Here is how I used it at the time:
As I said in the note, I find the CPU use exaggerated, so I'm trying to export 3 vectors for each blob instead of one, the other 2 being coordinates on the image, in order to be able to use some condition so that when I satisfy a list of conditions of relative distances from each other. (like a triange, or a sqare with diagonals) I "lock" only on the blobs and only search in the vicinity of where they were the last frame. It's looking great, it's a lot better CPU wise, but now I'm trying to change the recursive flood with just a regular pass on a square surrounding the last position.

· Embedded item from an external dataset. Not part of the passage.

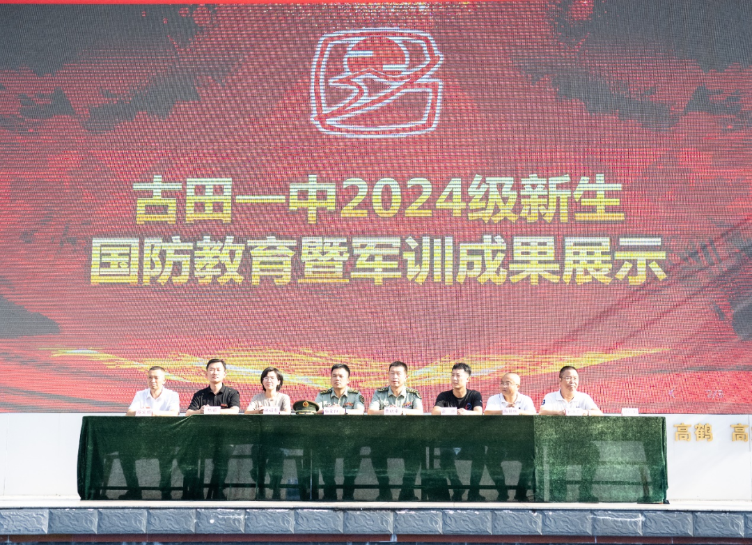 宁德军分区战建处处长曹晓东、古田县县委常委兼人民武装部部长郑金阳、宁德市教育局体卫艺科余淞、古田县教育局局长林丽琴、副局长高锦腾以及古田一中党总支副书记、校长陈耀等校领导与全体2024级师生齐聚一堂,共同见证了这一荣耀时刻。副校长彭时勤以他稳健有力的声音,引领着整个大会的进程,使这场盛会更添庄重。

Also, if anyone knows some algorithms to eliminate a high-frequency shake from my measurements (but not averaging as not to introduce latency) I'm very interested. I remember reading something of the sort on an Oculus blob post, quite a while back.
edit: I initially worked on a version in LeapImageList so as to do directly the 2 images and return directly the 3d blobs, to avoid the 2 separate branches in blueprint, but while it worked I got often crashes (sometimes around the 60sec mark, sometimes later) relating to setLeapImage. Maybe I was doing something wrong but I basically kept the 2 pointers that you used and re-defined them at each call. If you want I can send the related files, but I eventually thought that maybe, someone would like the separate results by image...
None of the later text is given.